Data excerpt:
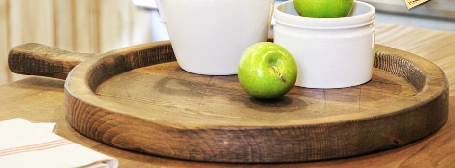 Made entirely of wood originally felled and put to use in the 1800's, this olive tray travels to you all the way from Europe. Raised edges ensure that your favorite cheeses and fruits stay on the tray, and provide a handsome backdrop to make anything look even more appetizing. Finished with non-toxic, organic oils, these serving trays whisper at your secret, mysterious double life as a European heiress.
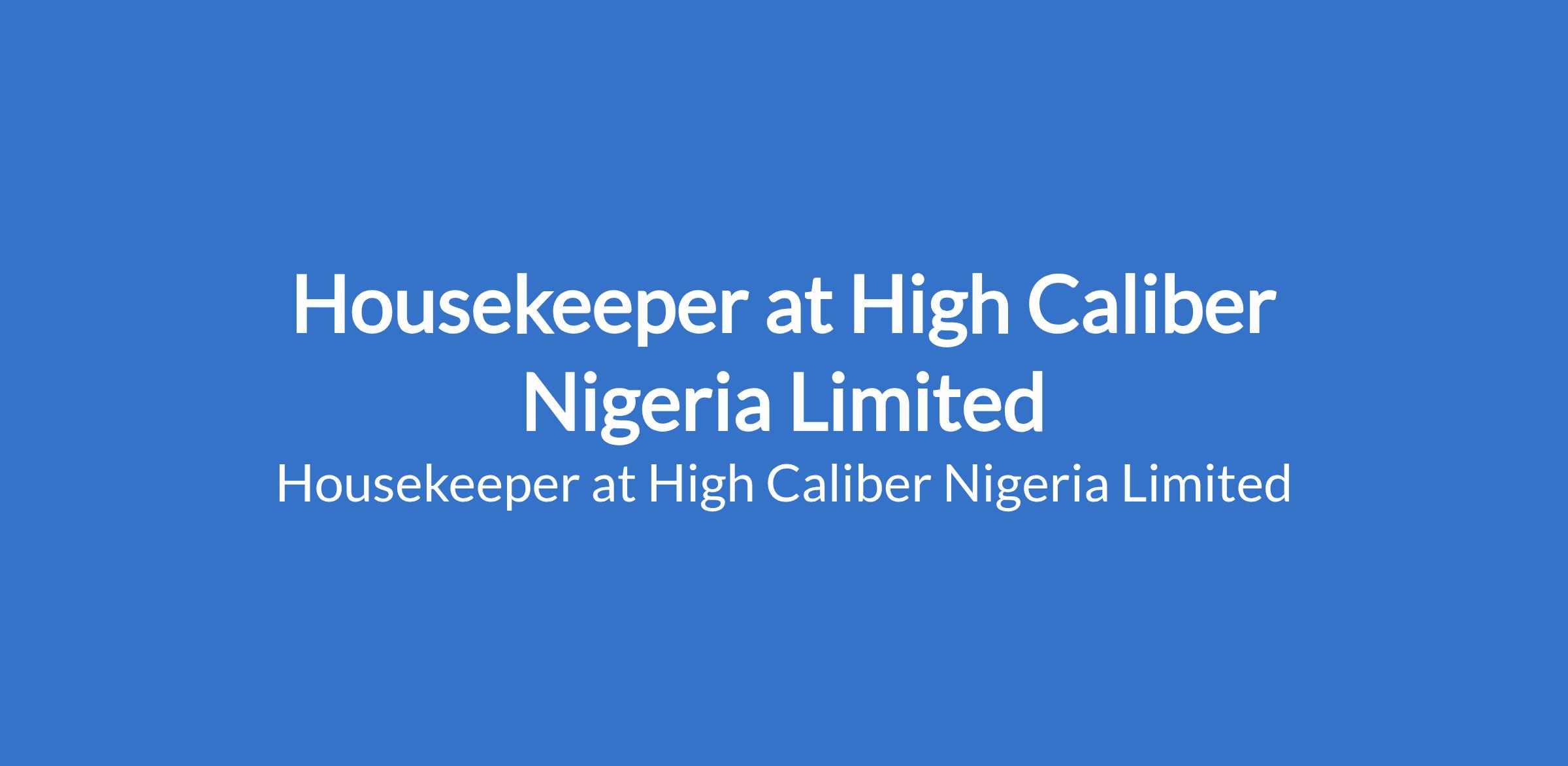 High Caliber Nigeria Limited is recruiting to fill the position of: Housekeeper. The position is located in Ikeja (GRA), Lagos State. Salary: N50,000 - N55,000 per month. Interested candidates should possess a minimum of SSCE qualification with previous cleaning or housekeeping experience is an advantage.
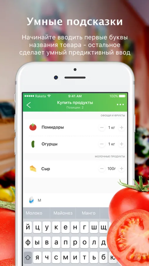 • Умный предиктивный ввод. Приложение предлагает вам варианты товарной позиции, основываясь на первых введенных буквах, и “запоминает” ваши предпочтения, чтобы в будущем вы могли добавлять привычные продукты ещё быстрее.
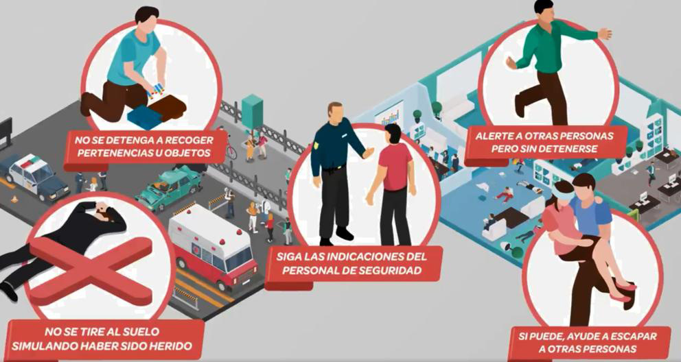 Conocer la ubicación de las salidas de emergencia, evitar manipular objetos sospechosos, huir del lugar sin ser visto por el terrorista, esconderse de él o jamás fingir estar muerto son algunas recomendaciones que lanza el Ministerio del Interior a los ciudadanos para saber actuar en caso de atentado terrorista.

Your objective: Only one stretch of the material above is wanted: the line containing "High Caliber Nigeria" through the line containing "продукты ещё быстрее.". Restate it word for word, minus the pictures.

The completed task:
 High Caliber Nigeria Limited is recruiting to fill the position of: Housekeeper. The position is located in Ikeja (GRA), Lagos State. Salary: N50,000 - N55,000 per month. Interested candidates should possess a minimum of SSCE qualification with previous cleaning or housekeeping experience is an advantage.
 • Умный предиктивный ввод. Приложение предлагает вам варианты товарной позиции, основываясь на первых введенных буквах, и “запоминает” ваши предпочтения, чтобы в будущем вы могли добавлять привычные продукты ещё быстрее.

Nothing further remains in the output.